The only blizzard I want to see.

I promise to never again tell anyone that their love for winter and snow disgusts me. But only under one condition, STOP TELLING ME TO STOP COMPLAINING.

I hate the cold, I hate the snow and complaining about it is my god given right. As far back as I can remember, we’ve never had this much snow. Every week there’s another storm. According to my local paper, we currently rank sixth in our area for snowiest winters. This record goes back to the 1800’s, which means most of the people who have experienced winters like this are DEAD and perhaps from all the snow.
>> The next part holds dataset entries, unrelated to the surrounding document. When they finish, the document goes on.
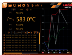
The Table View showing Instantaneous, Valley, Average and Peak, plus the unique Meltmaster temperature (on the 055 L model) readings.

The Trend View displays Peak, Instantaneous, Average and Valley temperatures, Logger settings, Route Manager, Background Correction plus Timed Logging (taking measurements at pre-defined intervals between 1 and 60 secs).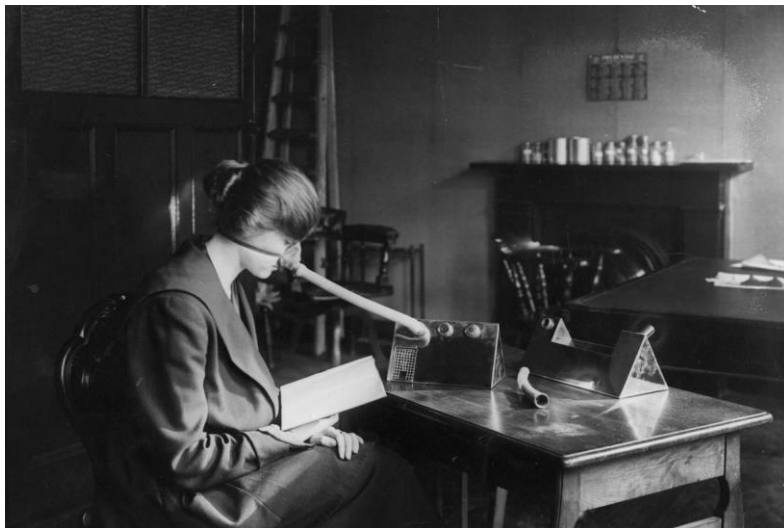
Figure 4: A woman wearing a flu mask during a pandemic [51]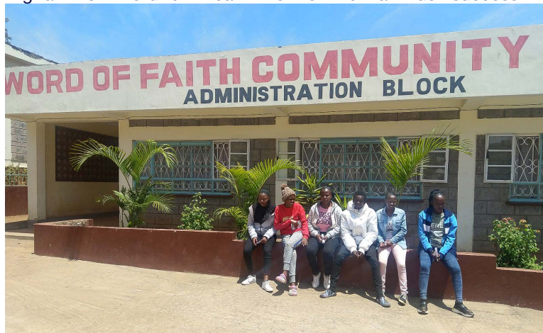
Our students in front of the College

accompanied by the MMH social worker team. We wish them all much success!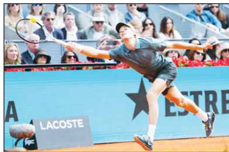
Jannik Sinner, of Italy, returns the ball to Alexander Zverev, of Germany, during their men's singles tennis final match at the Madrid Open tennis tournament in Madrid, Spain.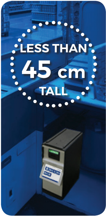
Installed directly at the point of sale

The SDS-35 is one of the smallest solutions on the market, allowing it to be installed directly at the point of sale for instant access. Less than 45 cm tall and weighing only 22,1 kg, the SDS-35 can be mounted directly under your counter top or directly to the floor.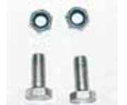
Ladder Assembly Fasteners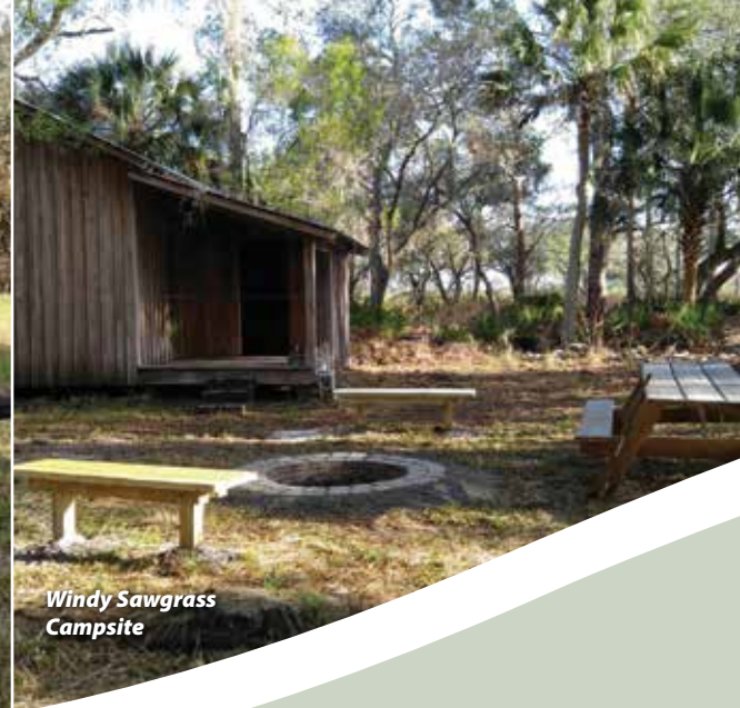
Windy Sawgrass Campsite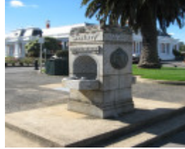
Ararat Civic Precinct King George V drinking fountain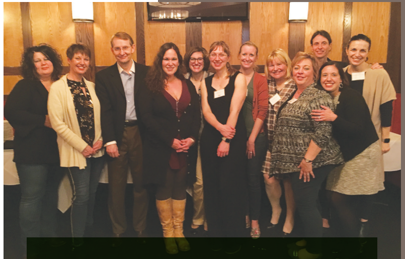
Faculty, staff and former trainees gathered in National Harbor, MD, in March for the CREOG annual meeting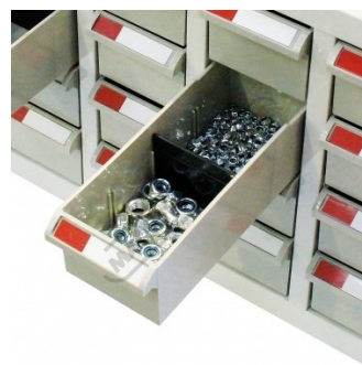
Drawer with Divider Shown with Parts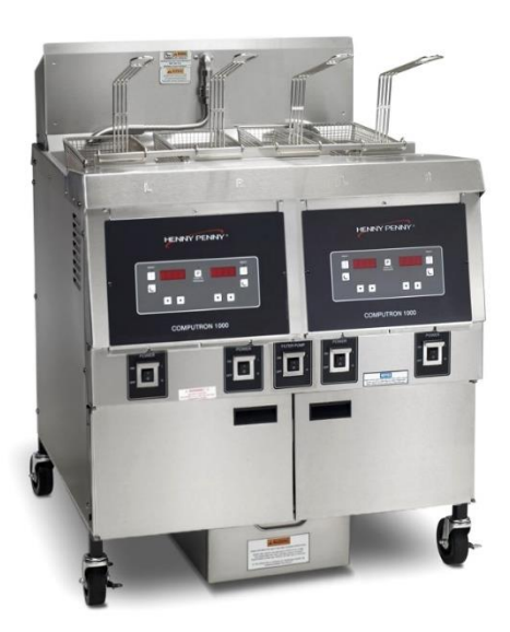
OFE 322 2-well electric open fryer with split vats and Computron<sup>™</sup> 1000 control

Henny Penny open fryers offer high-volume, integral multi-well frying with programmable operation, oil management functions and fast, easy filtration.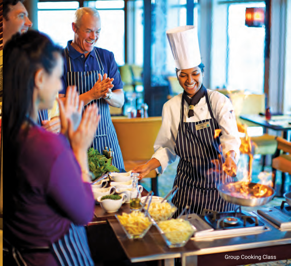
Group Cooking Class

When you share your days with us, we'll fill them with exciting entertainment and engaging activities. Or, you can fill them by doing absolutely nothing at all. The choice is always yours.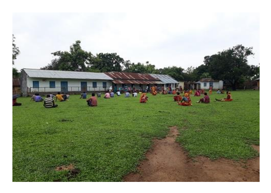
Social Distancing mantained by Tea Estate workers during Rapid antigen test at Meghlibandh Tea Estate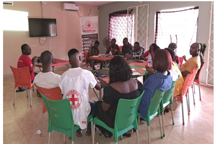
Training of Volunteers in Edo State, Nigeria.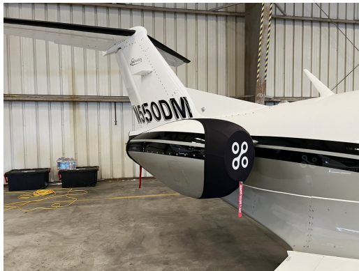
Eclipse Engine Covers, Bikini Type

The Eclipse EA500, TE500, 550 Bikini Style Engine Covers are a single-piece design using a soft and smooth stretchy fabric. The cover stretches tightly over both the intake and exhaust, installing quickly and easily. These covers are designed to be used as hangar dust covers and have a useful life of approximately one year.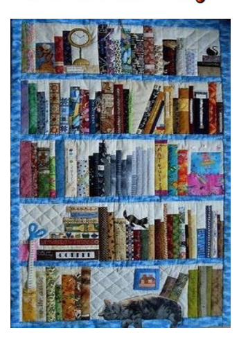
The BTQG Library books are due now. Please return them at the Annual Meeting!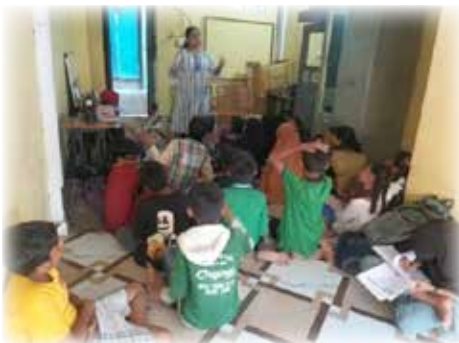
The Art of Active Listening Mankhurd Community

Conducted a vibrant 'Unity' session at Sai Nagar and Sambhaji Nagar centers. Discussed unity's importance, shared a relevant story, and organized a 'Noughts and Crosses' game. The interactive game showcased the value of collaboration over competition. Students shared opinions, enriching their understanding of unity's significance. Enhanced overall learning experience at Rabale community and Sardar Vallabhbhai Patel Vividhlaxi Vidhyalaya.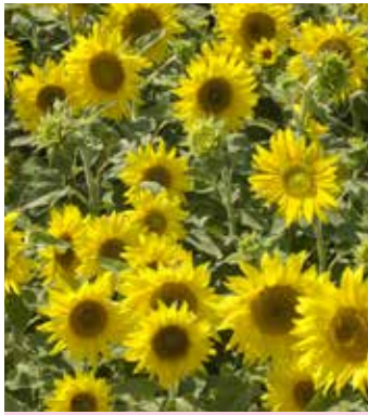
HE1950 HELIANTHUS annuus 'Irish Eyes'

(SAHIN 1998) branched stems, small leaves, yellow petals with green heart, good for pots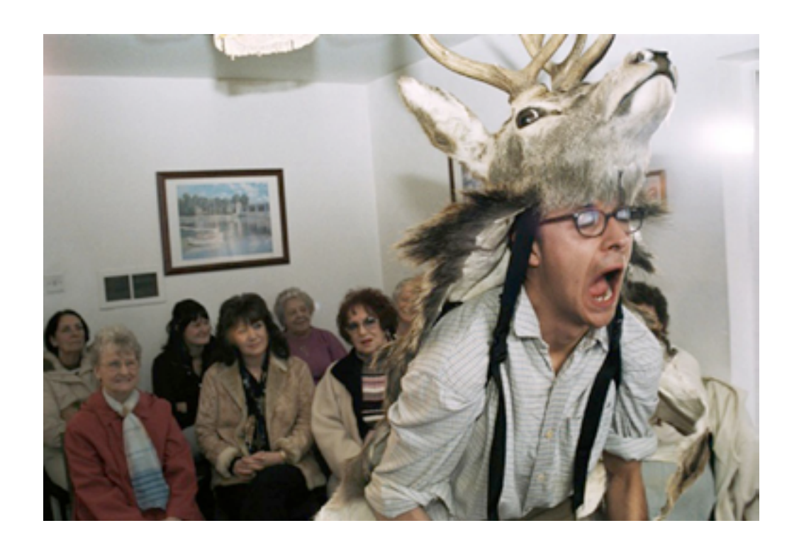
FIGURE No 7

Jurgen Meekel, Sleeping Beauty , 2012. Screen-grab form the motion graphic digital video. 3 minutes.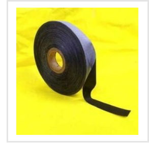
Single And Both Side Black Rubber Coated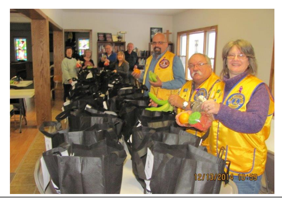
Chippewa Lakes-Mecosta Lions packed Merry Christmas bags for 40 families in the area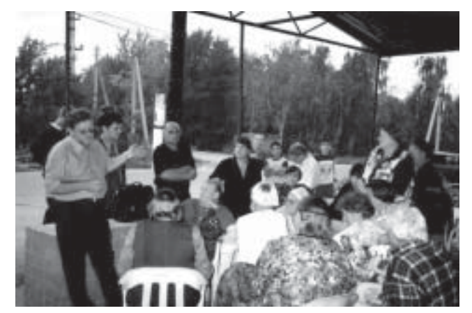
Grassroots women in Russia building alliances with local authorities through a grassroots-initiated meeting.

They make bureaucrats and elected officials accountable to communities/constituencies. The incentives built into state bureaucracies demand that officials be primarily concerned with managing macro policies and implementing directives from "above." While there may be demands from below, there are rarely any incentives to respond to these. Even where national policies have created a favourable environment for

There’s nothing fun about shoveling, cleaning off your car or having salt stained boots. There might be something fun about snowboarding, ice skating or some other winter sport, I’ll give you that. But for me? I only participate and enjoy two winter sports – Christmas shopping and couch surfing. Christmas is over before even the middle of winter hits us and not soon after that you’ll exhaust your Netflix queue. So then what? There’s still two months left to winter. I don’t know about you, but there’s only so many times I can watch Harry and the Hendersons.

And stop telling me if I don’t like snow or cold, I need to leave New York. I like living in New York eight months out of the year, I really do. Even during the miserable months my job, family and friends are still here. I would spent my whole life moving around the world if I left a place every time I discovered something I didn’t like. “Well, Florida was nice.. then we got a hurricane. And I really liked Seattle, but it rained a lot. California was nice too, but I’m not a fan of earthquakes or botox. And well, North Korea…” See what I mean? There’s always going to be something.

So if I’m annoyed and want to complain about our weekly foot of snow? Let me! It makes me feel better to curse the f%$@! out a snow storm. I promise come summer, I won’t complain about how hot it is or how the sun is still out on my drive home from work. And if you want to complain about the heat or how short your commute to work was, I’ll let you. Promise.